■ Records drawn from a dataset:
>>>>

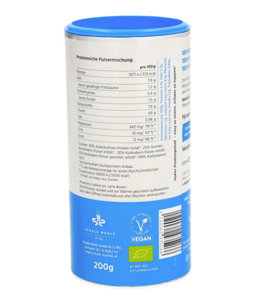 45% Sonnenblumenkern Pulver entölt*, 25% Ackerbohnen Protein Isolat*, 10% Kürbiskern Pulver entölt*, 10% Kokosnussmilch Pulver* (Kokosnussmilch*, Maltodextrin*), 5% Tremella Pulver*, 4% natürliches Vanille Aroma, 1% Vanille Extrakt Pulver*. *aus kontrolliert biologischem Anbau.
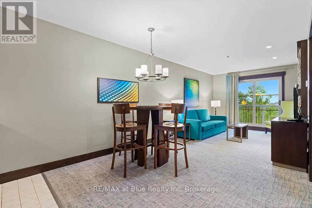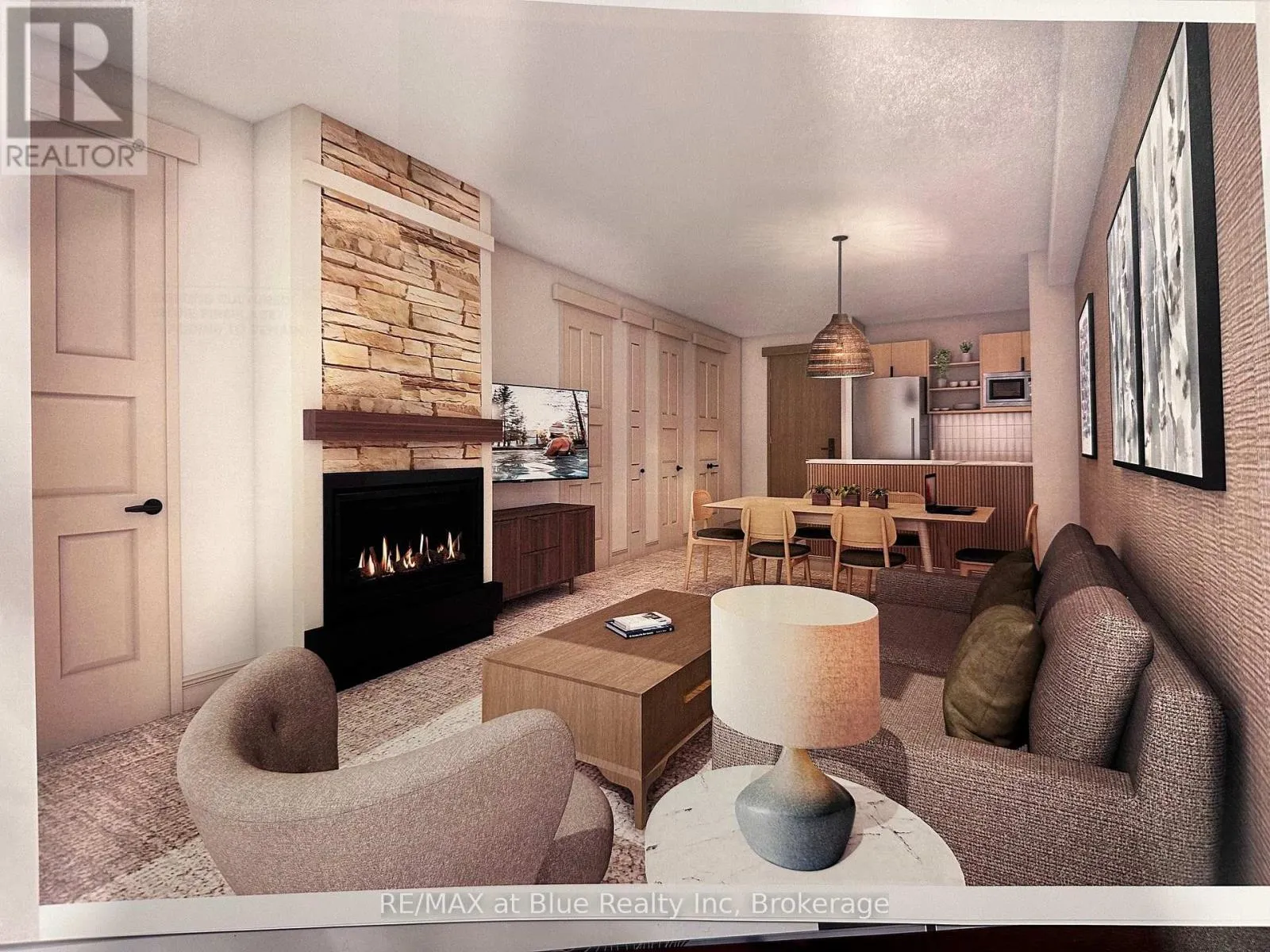 Cross Streets: Mtn Rd. & Jozo Weider. ** Directions: Mtn Rd. to Jozo Weider. MOSAIC AT BLUE RESORT CONDOMINIUM - Beautiful one bedroom one bathroom fully furnished resort condominium located in The Village at Blue Mountain in the boutique-style condo-hotel known as Mosaic at Blue. Steps away from the Silver Bullet chairlift and Monterra Golf Course. Enjoy all the shops and restaurants in Ontario's most popular four season resort. Suite comes fully equipped with a kitchenette with two burners, dining area, pullout sofa, fireplace, appliances, window coverings, lighting fixtures and everything else down to the cutlery. Mosaic at Blue's amenities include a year round outdoor heated swimming pool, hot tub, owner's ski locker room, two levels of heated underground parking, exercise room and private owner's lounge to meet and mingle with other homeowners. Ownership at Blue Mountain includes an optional fully managed rental pool program to help offset the cost of ownership while still allowing liberal owner usage. The condo can also be kept for exclusive usage as a non-rental. 2% Village Association entry fee is applicable. HST is applicable but can deferred by obtaining a HST number and enrolling the suite into the rental pool program. In-suite renovations scheduled for all condominiums in Mosaic sometime in either fall 2025 or spring 2026.This suite will be completely refurbished in the fall of 2025. The Seller has paid the first two payments of $19,706.88 leaving a balance of $59,120 of eight payments remaining. The buyer to pay the remaining payments. Proposed refurbishment renderings included in the photos of this listing are one-bedroom renderings. All Mosaic suites will be refurbished similarly. (id:27476)
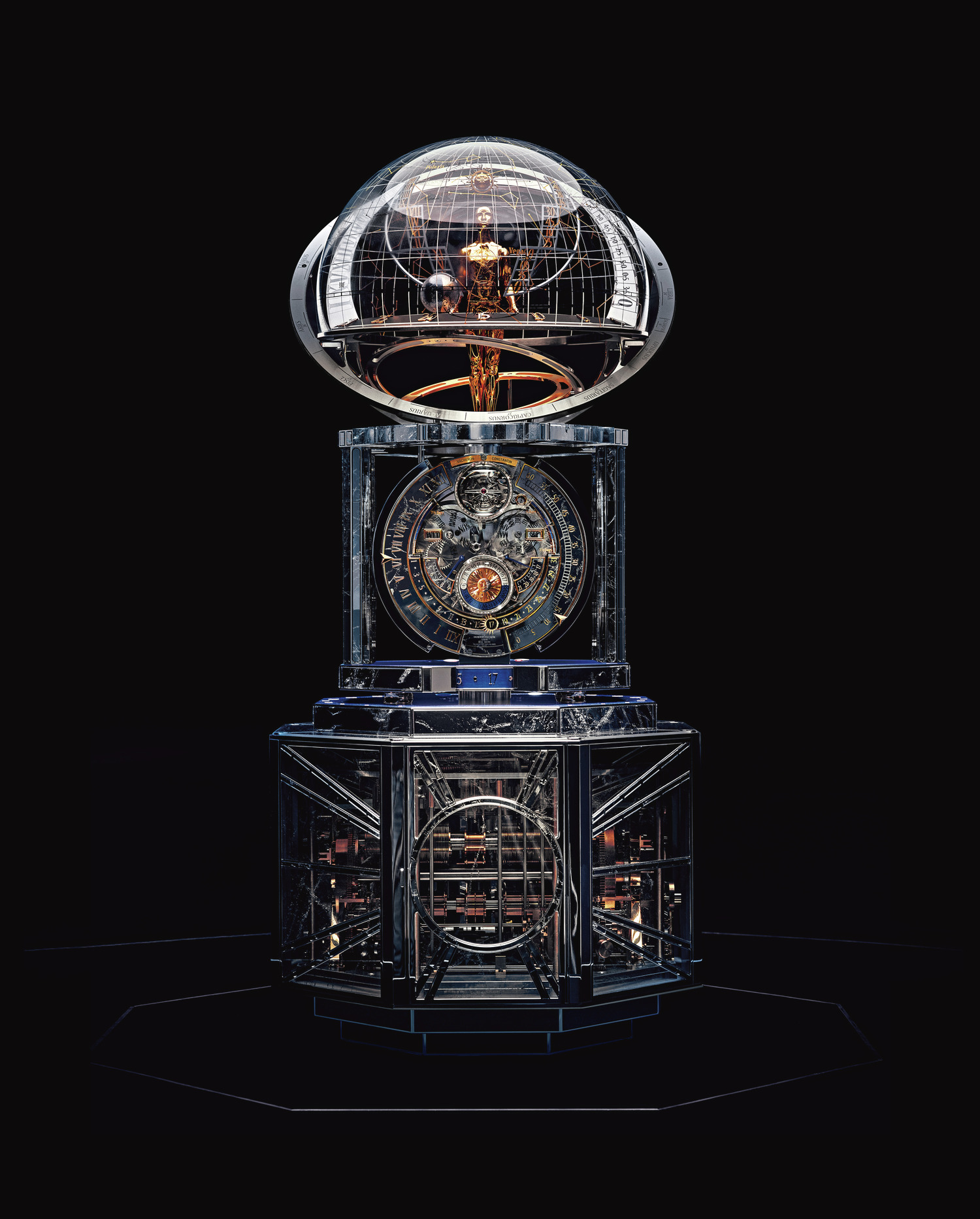 一連の端緒となった「天地創造」から着想を得た「ラ・ケットゥ・デュ・タン」は、透明な半球体のドームに、ロッククリスタルの時計キャビネットと台座という3つのセクションからなる。上部の天空図と太陽をあしらったドームの中央にオートマトン(自動人形)の天文学者が直立し、中央にはトゥールビヨンなどの複雑機構と北半球の天文時計を文字盤の両面に備えた時計、さらに八角形の台座にオートマトンの動作を駆動制御する機構とオルゴールを収めている。
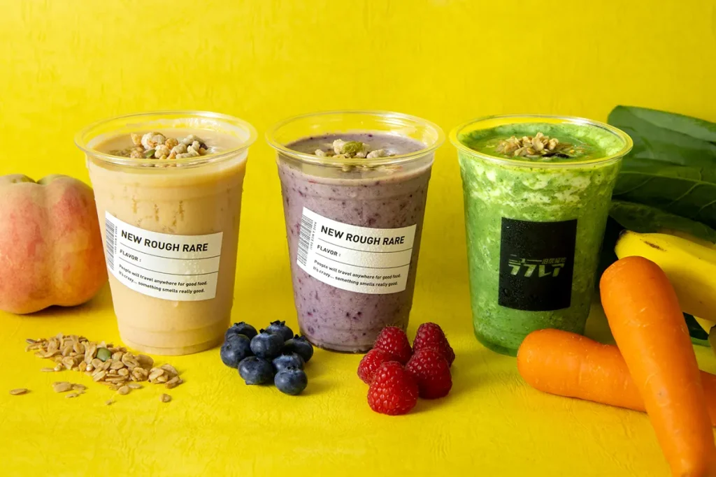 気軽にひんやりできる、ヘルシーなスムージーも同時に販売されます。「アサイー」「グリーングロウ」「ピーチソイス」と、こちらも3種。
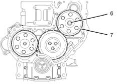2.松開鎖緊螺釘(5)。轉動隔套(6),以便將鎖緊螺釘(5)擰緊抵到噴油泵的軸上。逆時針方向轉動噴油泵齒輪來消除齒隙。將鎖緊螺釘(5)擰緊至扭矩17N·m(13lbft)。
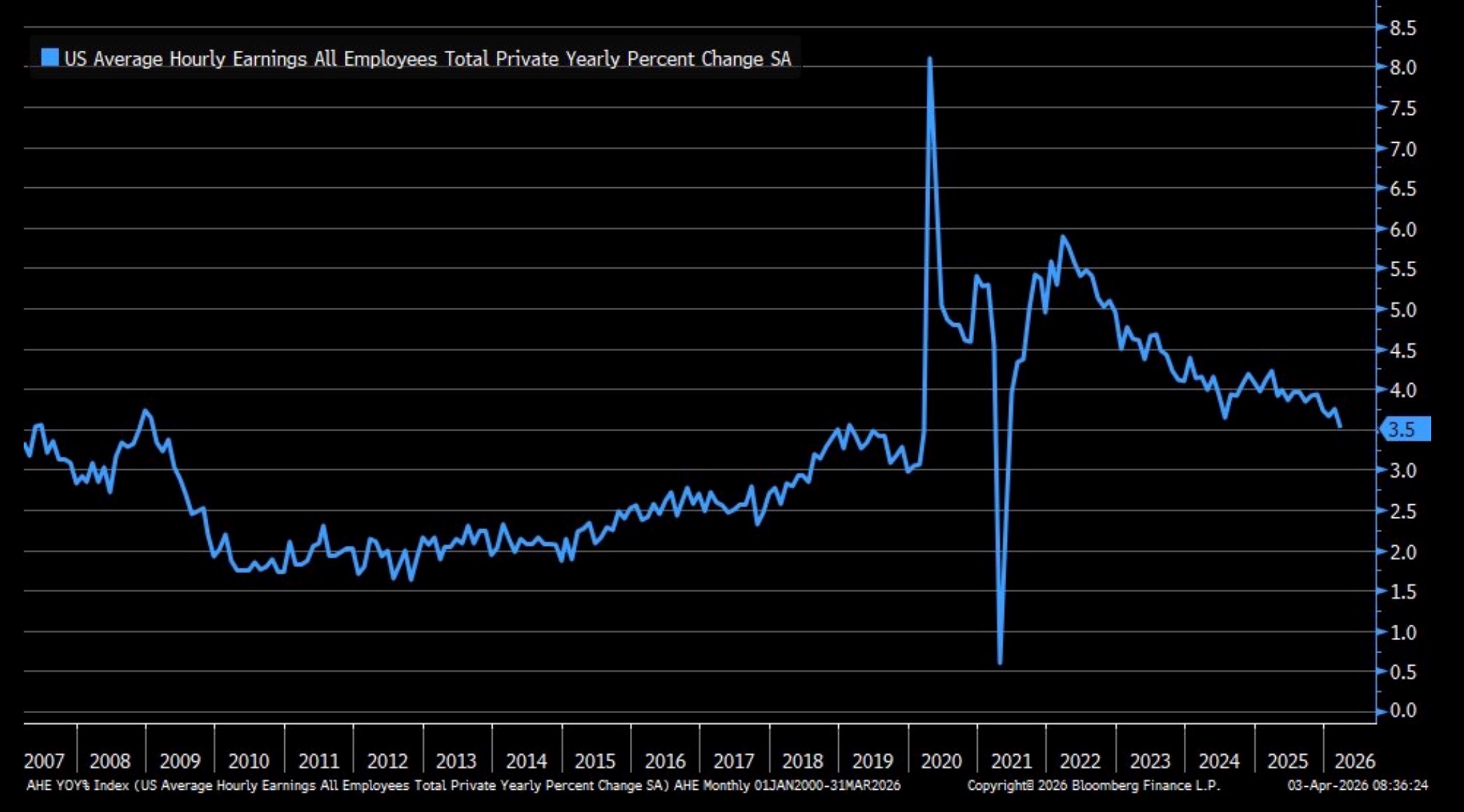- Bottom line: with a Good Friday release this report was greeted by a smaller-than-usual audience, and the fact that with a stable unemployment rate and headline gain, the Fed remain patient and wait for inflation to improve. The latest oil price spike and the ongoing supply constraints through the Strait of Hormuz, that still has an uncertain duration, will dominate the factors in trading next week. April is expected to see physical shortages manifest from the shipping blockage, first in east Asia then spreading west during the month. Thus, the inflation/growth questions will continue dominating trading this month with 2H26 policy expectations being driven by that dynamic and not today’s jobs report.
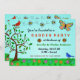Jogue uma festa do jardim de verão divertida com estes convites bonitos e caprichosos. Estes convites bonito mostram uma cena de flor e árvore num fundo azul-céu, completo com um cardeal vermelho, um pássaro azul, abelhas zunindo pelo ar, uma borboleta colorida voando e dois joanheiros laranja. A parte de trás repete o design com uma joaninha vermelha.
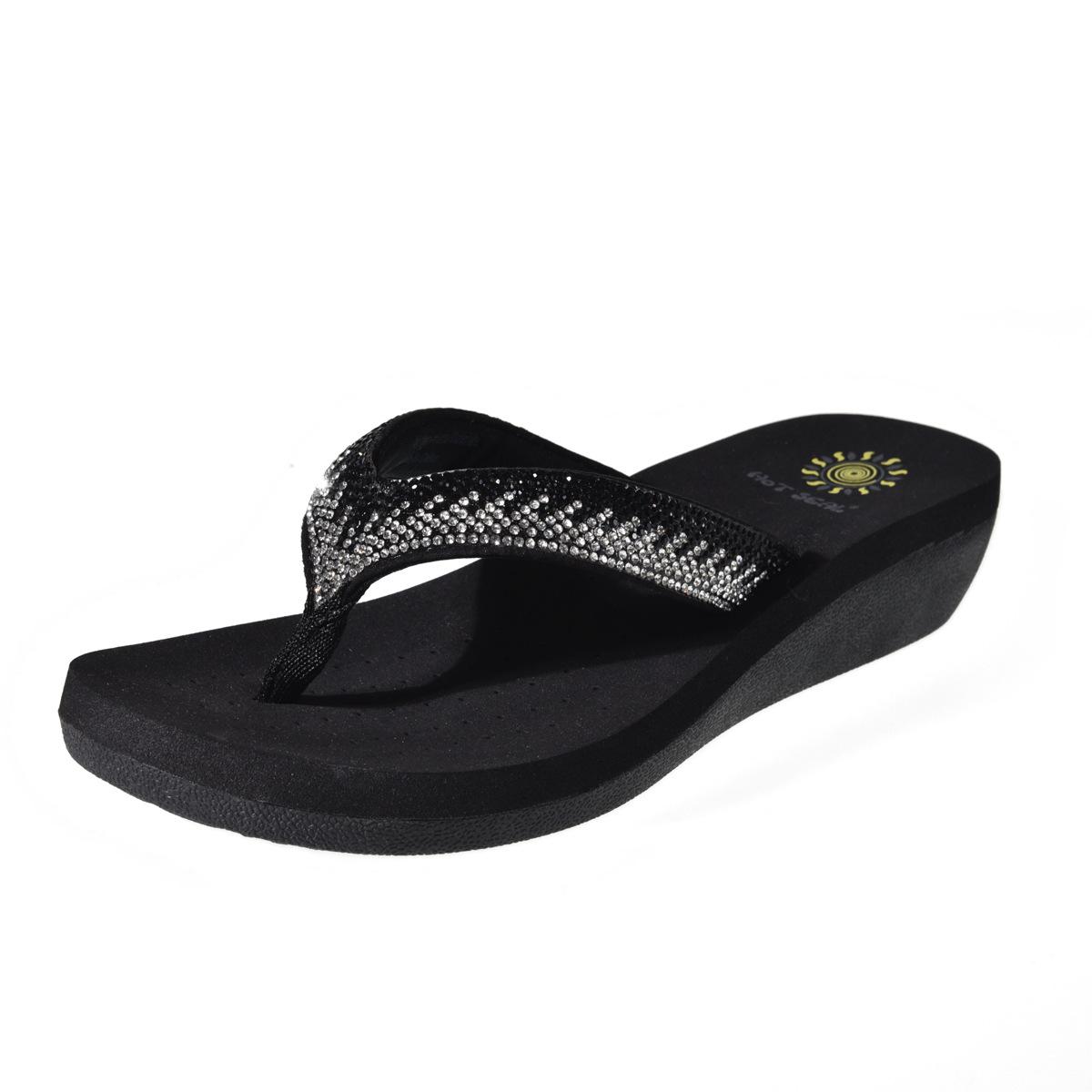 Новая весенне-летняя мода Стразы Каблук Шлепанцы Круглый носок Нескользящие тапочки Слайды Женские Zapatos 35 чёрный

<<<<

■ Problem details: Leave the images out and give the rest of the data again exactly.

■ Response to this task:
 45% Sonnenblumenkern Pulver entölt*, 25% Ackerbohnen Protein Isolat*, 10% Kürbiskern Pulver entölt*, 10% Kokosnussmilch Pulver* (Kokosnussmilch*, Maltodextrin*), 5% Tremella Pulver*, 4% natürliches Vanille Aroma, 1% Vanille Extrakt Pulver*. *aus kontrolliert biologischem Anbau.
 Cross Streets: Mtn Rd. & Jozo Weider. ** Directions: Mtn Rd. to Jozo Weider. MOSAIC AT BLUE RESORT CONDOMINIUM - Beautiful one bedroom one bathroom fully furnished resort condominium located in The Village at Blue Mountain in the boutique-style condo-hotel known as Mosaic at Blue. Steps away from the Silver Bullet chairlift and Monterra Golf Course. Enjoy all the shops and restaurants in Ontario's most popular four season resort. Suite comes fully equipped with a kitchenette with two burners, dining area, pullout sofa, fireplace, appliances, window coverings, lighting fixtures and everything else down to the cutlery. Mosaic at Blue's amenities include a year round outdoor heated swimming pool, hot tub, owner's ski locker room, two levels of heated underground parking, exercise room and private owner's lounge to meet and mingle with other homeowners. Ownership at Blue Mountain includes an optional fully managed rental pool program to help offset the cost of ownership while still allowing liberal owner usage. The condo can also be kept for exclusive usage as a non-rental. 2% Village Association entry fee is applicable. HST is applicable but can deferred by obtaining a HST number and enrolling the suite into the rental pool program. In-suite renovations scheduled for all condominiums in Mosaic sometime in either fall 2025 or spring 2026.This suite will be completely refurbished in the fall of 2025. The Seller has paid the first two payments of $19,706.88 leaving a balance of $59,120 of eight payments remaining. The buyer to pay the remaining payments. Proposed refurbishment renderings included in the photos of this listing are one-bedroom renderings. All Mosaic suites will be refurbished similarly. (id:27476)
 一連の端緒となった「天地創造」から着想を得た「ラ・ケットゥ・デュ・タン」は、透明な半球体のドームに、ロッククリスタルの時計キャビネットと台座という3つのセクションからなる。上部の天空図と太陽をあしらったドームの中央にオートマトン(自動人形)の天文学者が直立し、中央にはトゥールビヨンなどの複雑機構と北半球の天文時計を文字盤の両面に備えた時計、さらに八角形の台座にオートマトンの動作を駆動制御する機構とオルゴールを収めている。
 気軽にひんやりできる、ヘルシーなスムージーも同時に販売されます。「アサイー」「グリーングロウ」「ピーチソイス」と、こちらも3種。
2.松開鎖緊螺釘(5)。轉動隔套(6),以便將鎖緊螺釘(5)擰緊抵到噴油泵的軸上。逆時針方向轉動噴油泵齒輪來消除齒隙。將鎖緊螺釘(5)擰緊至扭矩17N·m(13lbft)。
- Bottom line: with a Good Friday release this report was greeted by a smaller-than-usual audience, and the fact that with a stable unemployment rate and headline gain, the Fed remain patient and wait for inflation to improve. The latest oil price spike and the ongoing supply constraints through the Strait of Hormuz, that still has an uncertain duration, will dominate the factors in trading next week. April is expected to see physical shortages manifest from the shipping blockage, first in east Asia then spreading west during the month. Thus, the inflation/growth questions will continue dominating trading this month with 2H26 policy expectations being driven by that dynamic and not today’s jobs report.
Jogue uma festa do jardim de verão divertida com estes convites bonitos e caprichosos. Estes convites bonito mostram uma cena de flor e árvore num fundo azul-céu, completo com um cardeal vermelho, um pássaro azul, abelhas zunindo pelo ar, uma borboleta colorida voando e dois joanheiros laranja. A parte de trás repete o design com uma joaninha vermelha.
 Новая весенне-летняя мода Стразы Каблук Шлепанцы Круглый носок Нескользящие тапочки Слайды Женские Zapatos 35 чёрный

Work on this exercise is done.